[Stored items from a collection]
BEGIN

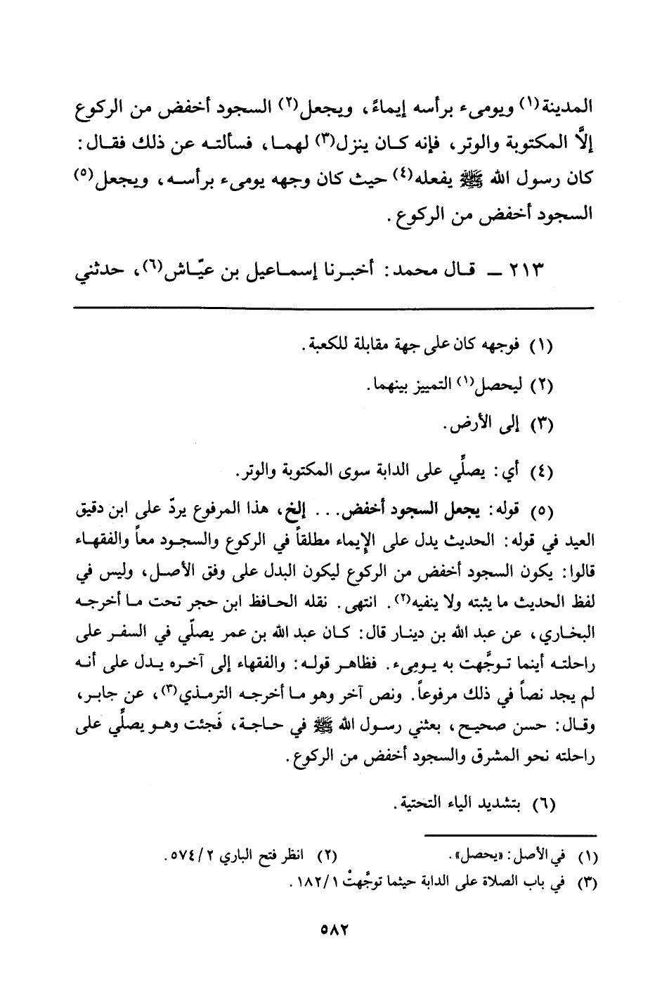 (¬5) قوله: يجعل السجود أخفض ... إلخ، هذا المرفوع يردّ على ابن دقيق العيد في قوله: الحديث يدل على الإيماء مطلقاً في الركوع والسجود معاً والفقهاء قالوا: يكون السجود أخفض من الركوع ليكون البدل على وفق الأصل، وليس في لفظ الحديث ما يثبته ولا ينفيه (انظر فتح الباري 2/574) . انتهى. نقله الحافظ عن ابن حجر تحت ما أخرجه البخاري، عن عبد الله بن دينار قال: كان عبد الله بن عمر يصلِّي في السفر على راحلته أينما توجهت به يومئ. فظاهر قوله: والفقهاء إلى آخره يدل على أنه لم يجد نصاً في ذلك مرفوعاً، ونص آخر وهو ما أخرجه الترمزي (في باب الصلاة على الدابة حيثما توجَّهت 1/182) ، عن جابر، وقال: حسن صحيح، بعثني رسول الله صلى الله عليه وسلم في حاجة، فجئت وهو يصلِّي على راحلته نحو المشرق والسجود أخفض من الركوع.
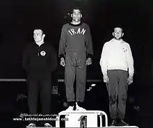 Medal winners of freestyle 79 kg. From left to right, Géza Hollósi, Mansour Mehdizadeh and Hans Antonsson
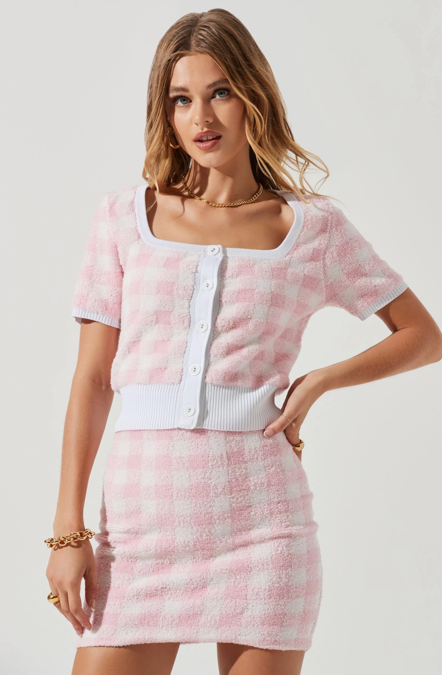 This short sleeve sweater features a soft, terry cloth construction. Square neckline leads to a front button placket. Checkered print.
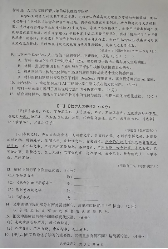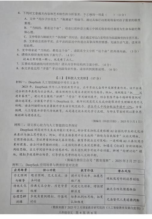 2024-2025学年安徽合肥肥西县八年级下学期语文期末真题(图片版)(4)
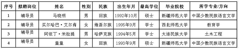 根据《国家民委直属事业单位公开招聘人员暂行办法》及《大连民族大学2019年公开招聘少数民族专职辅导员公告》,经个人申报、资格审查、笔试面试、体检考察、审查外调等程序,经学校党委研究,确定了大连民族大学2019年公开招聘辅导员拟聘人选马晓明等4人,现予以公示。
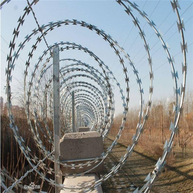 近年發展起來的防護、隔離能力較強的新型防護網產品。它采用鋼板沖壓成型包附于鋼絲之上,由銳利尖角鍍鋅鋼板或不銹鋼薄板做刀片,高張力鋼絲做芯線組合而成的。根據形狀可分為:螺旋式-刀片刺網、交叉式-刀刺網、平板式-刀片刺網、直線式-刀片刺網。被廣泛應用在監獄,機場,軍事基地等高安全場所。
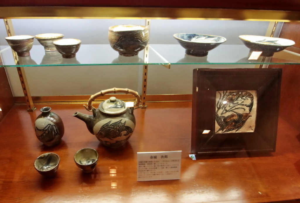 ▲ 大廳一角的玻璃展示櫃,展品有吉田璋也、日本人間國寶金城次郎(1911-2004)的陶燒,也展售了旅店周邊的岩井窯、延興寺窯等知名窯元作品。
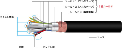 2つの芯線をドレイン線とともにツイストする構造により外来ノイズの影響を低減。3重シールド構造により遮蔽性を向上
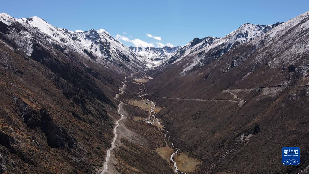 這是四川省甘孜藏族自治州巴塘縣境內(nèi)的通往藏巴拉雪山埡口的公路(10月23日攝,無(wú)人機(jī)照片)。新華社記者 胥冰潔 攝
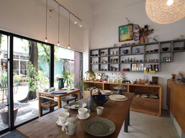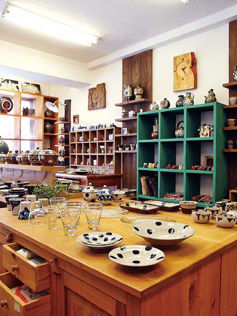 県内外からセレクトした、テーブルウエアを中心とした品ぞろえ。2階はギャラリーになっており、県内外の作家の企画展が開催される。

END

All of the data above should be quoted exactly, except for the pictures.

*Answer for this exercise*
 (¬5) قوله: يجعل السجود أخفض ... إلخ، هذا المرفوع يردّ على ابن دقيق العيد في قوله: الحديث يدل على الإيماء مطلقاً في الركوع والسجود معاً والفقهاء قالوا: يكون السجود أخفض من الركوع ليكون البدل على وفق الأصل، وليس في لفظ الحديث ما يثبته ولا ينفيه (انظر فتح الباري 2/574) . انتهى. نقله الحافظ عن ابن حجر تحت ما أخرجه البخاري، عن عبد الله بن دينار قال: كان عبد الله بن عمر يصلِّي في السفر على راحلته أينما توجهت به يومئ. فظاهر قوله: والفقهاء إلى آخره يدل على أنه لم يجد نصاً في ذلك مرفوعاً، ونص آخر وهو ما أخرجه الترمزي (في باب الصلاة على الدابة حيثما توجَّهت 1/182) ، عن جابر، وقال: حسن صحيح، بعثني رسول الله صلى الله عليه وسلم في حاجة، فجئت وهو يصلِّي على راحلته نحو المشرق والسجود أخفض من الركوع.
 Medal winners of freestyle 79 kg. From left to right, Géza Hollósi, Mansour Mehdizadeh and Hans Antonsson
 This short sleeve sweater features a soft, terry cloth construction. Square neckline leads to a front button placket. Checkered print.
 2024-2025学年安徽合肥肥西县八年级下学期语文期末真题(图片版)(4)
 根据《国家民委直属事业单位公开招聘人员暂行办法》及《大连民族大学2019年公开招聘少数民族专职辅导员公告》,经个人申报、资格审查、笔试面试、体检考察、审查外调等程序,经学校党委研究,确定了大连民族大学2019年公开招聘辅导员拟聘人选马晓明等4人,现予以公示。
 近年發展起來的防護、隔離能力較強的新型防護網產品。它采用鋼板沖壓成型包附于鋼絲之上,由銳利尖角鍍鋅鋼板或不銹鋼薄板做刀片,高張力鋼絲做芯線組合而成的。根據形狀可分為:螺旋式-刀片刺網、交叉式-刀刺網、平板式-刀片刺網、直線式-刀片刺網。被廣泛應用在監獄,機場,軍事基地等高安全場所。
 ▲ 大廳一角的玻璃展示櫃,展品有吉田璋也、日本人間國寶金城次郎(1911-2004)的陶燒,也展售了旅店周邊的岩井窯、延興寺窯等知名窯元作品。
 2つの芯線をドレイン線とともにツイストする構造により外来ノイズの影響を低減。3重シールド構造により遮蔽性を向上
 這是四川省甘孜藏族自治州巴塘縣境內(nèi)的通往藏巴拉雪山埡口的公路(10月23日攝,無(wú)人機(jī)照片)。新華社記者 胥冰潔 攝
 県内外からセレクトした、テーブルウエアを中心とした品ぞろえ。2階はギャラリーになっており、県内外の作家の企画展が開催される。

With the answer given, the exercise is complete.